Problem details: Drop the pictures, then extract the listing word for word.

--- Given material Enclosed Below ---

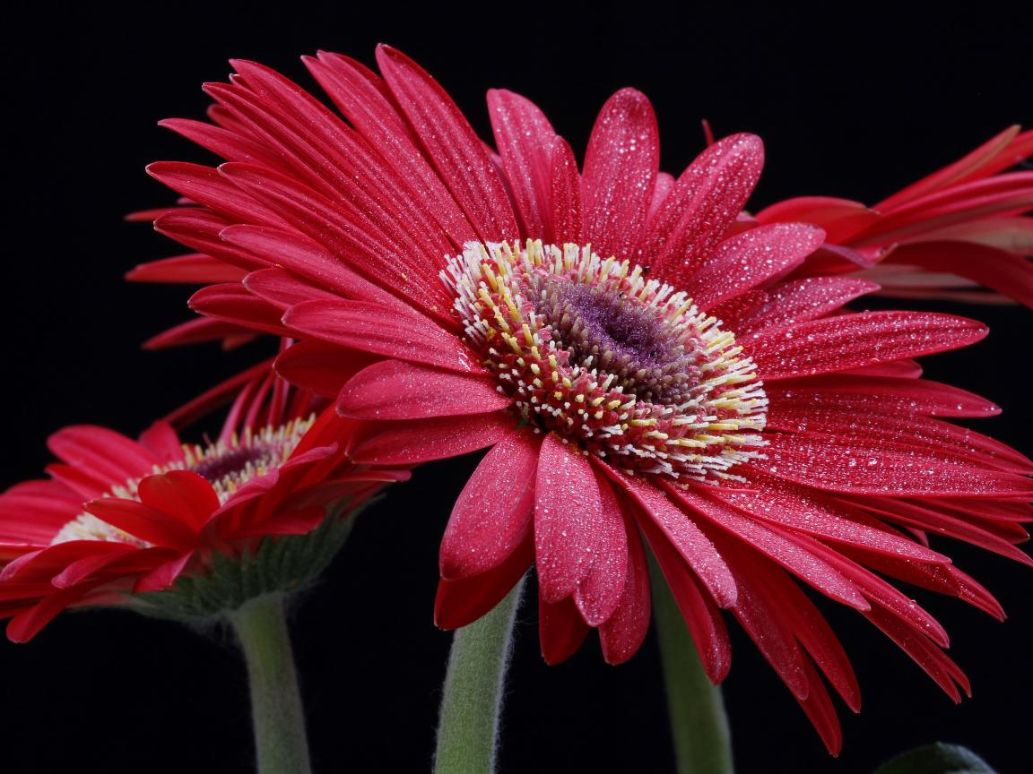 Wallpaper Large red gerbera with water droplets on petals
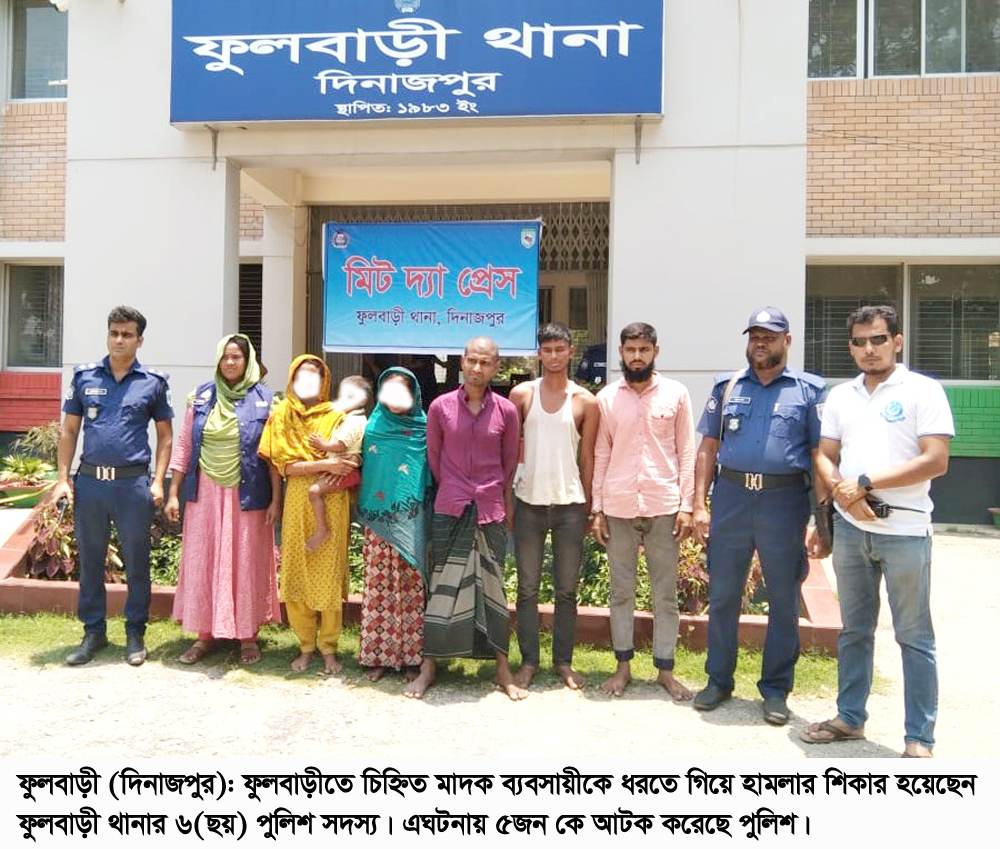 মেহেদীহাসান,ফুলবাড়ী(দিনাজপুর)প্রতিনিধি;দিনাজপুরের ফুলবাড়ীতে আসামী ধরতে গিয়ে মাদক ব্যবসায়ীর হাতে ৬ (ছয়) পুলিশ সদস্য হামলার শিকার হয়েছেন। এঘটনায় ৫জন কে আটক করেছে পুলিশ।
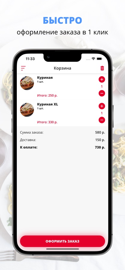 Скачивайте наше приложение, оформляйте заказ и наслаждайтесь любимой едой, где бы Вы ни были! Приятного аппетита!
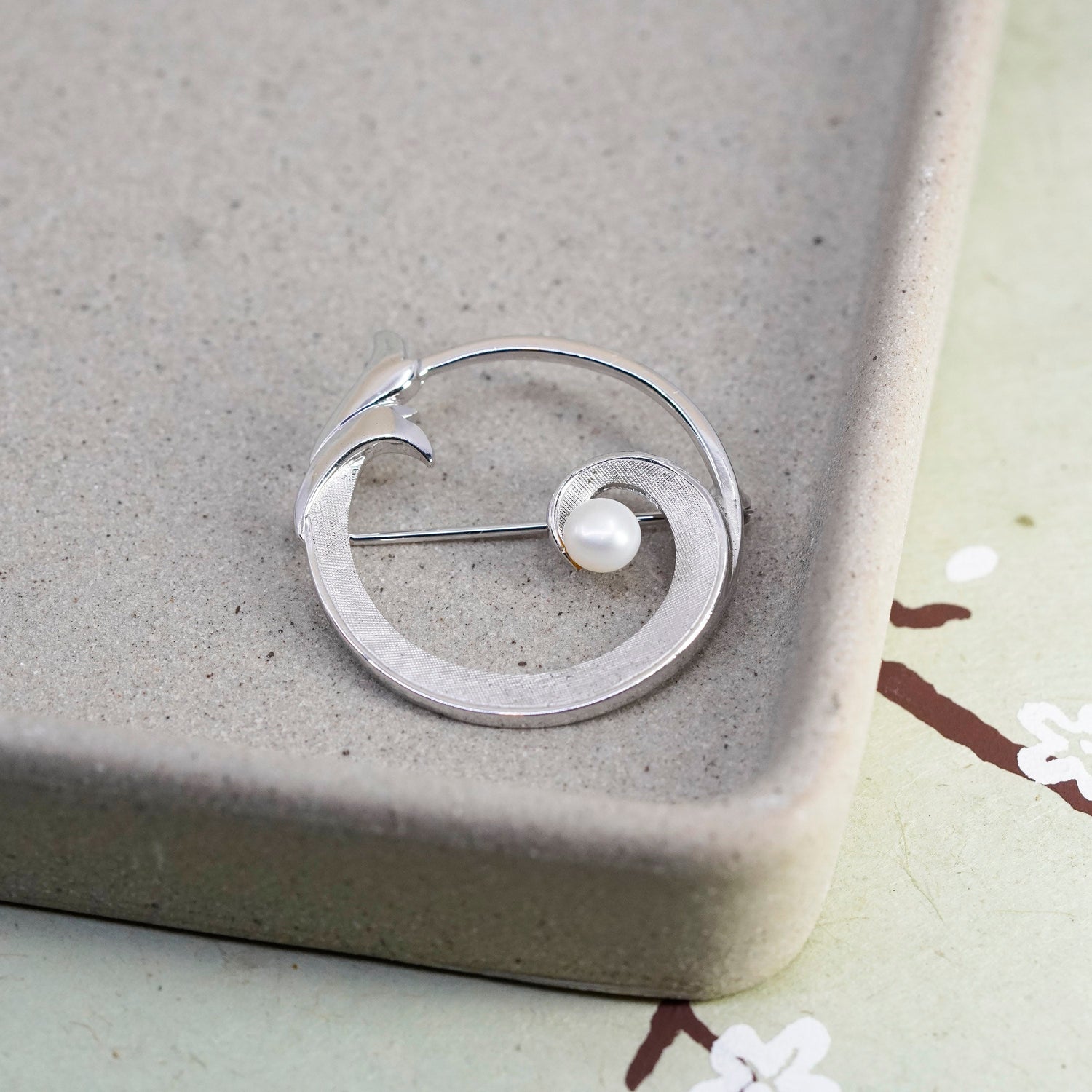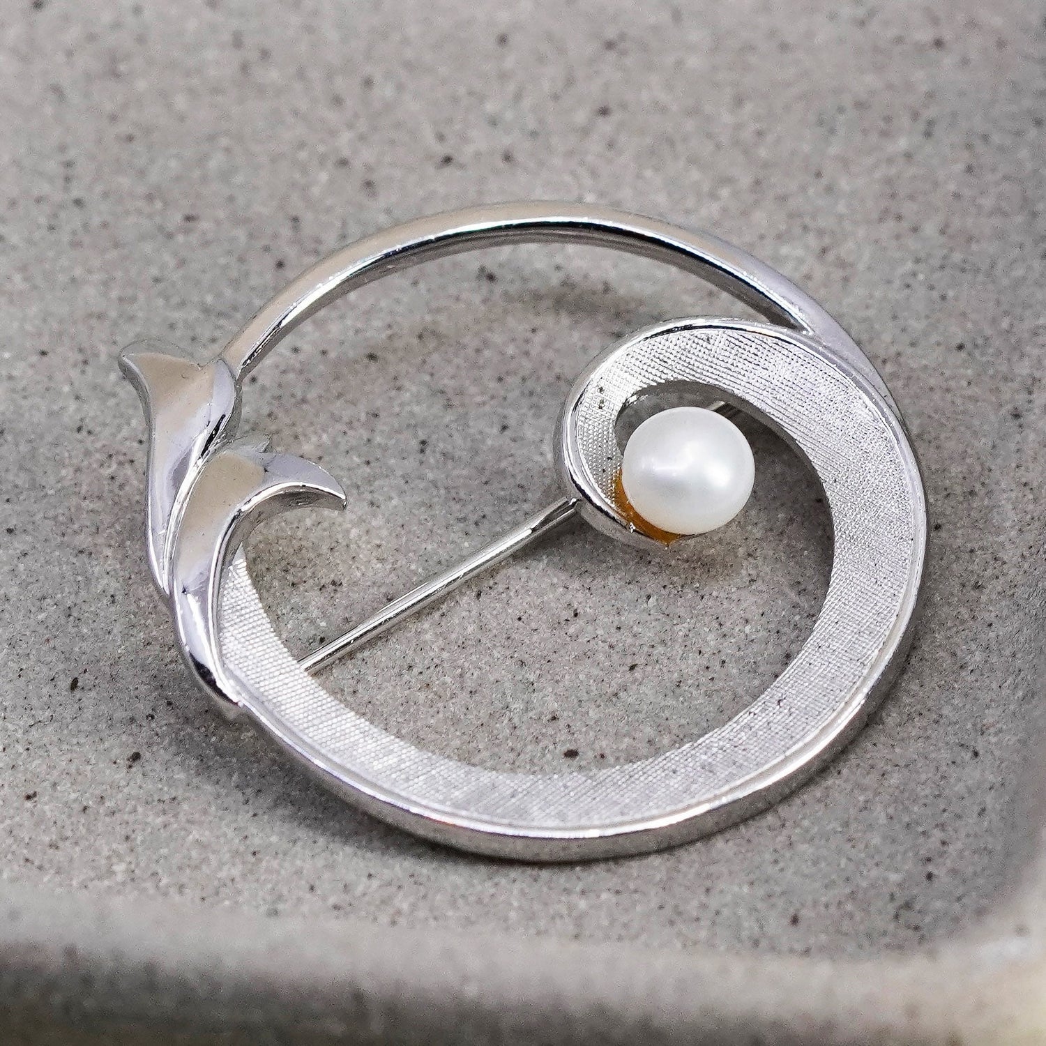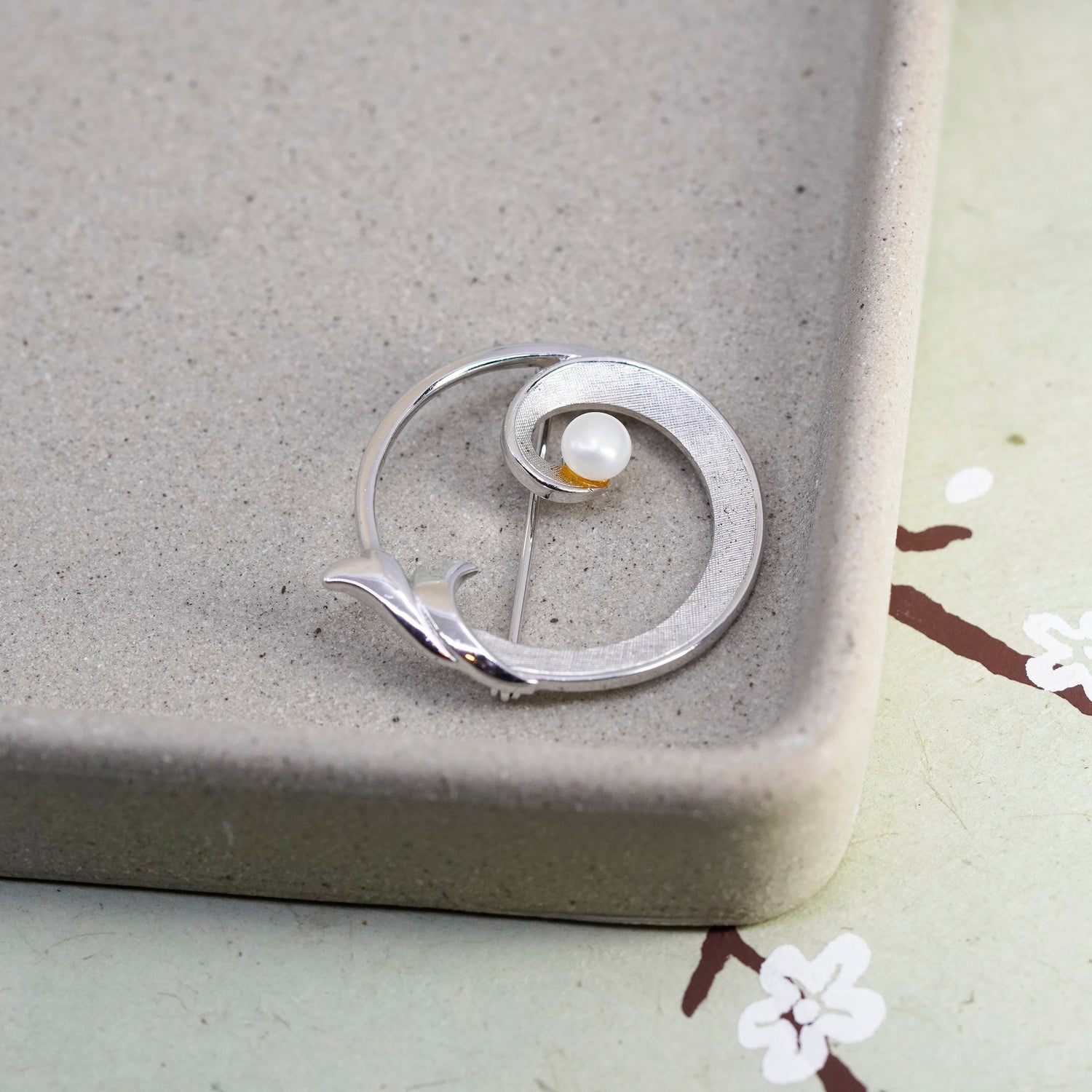 Vintage Sterling 925 silver handmade circle brooch pendant with pearl, elegant

--- End of Enclosed Given material ---

Answer box:
 Wallpaper Large red gerbera with water droplets on petals
 মেহেদীহাসান,ফুলবাড়ী(দিনাজপুর)প্রতিনিধি;দিনাজপুরের ফুলবাড়ীতে আসামী ধরতে গিয়ে মাদক ব্যবসায়ীর হাতে ৬ (ছয়) পুলিশ সদস্য হামলার শিকার হয়েছেন। এঘটনায় ৫জন কে আটক করেছে পুলিশ।
 Скачивайте наше приложение, оформляйте заказ и наслаждайтесь любимой едой, где бы Вы ни были! Приятного аппетита!
 Vintage Sterling 925 silver handmade circle brooch pendant with pearl, elegant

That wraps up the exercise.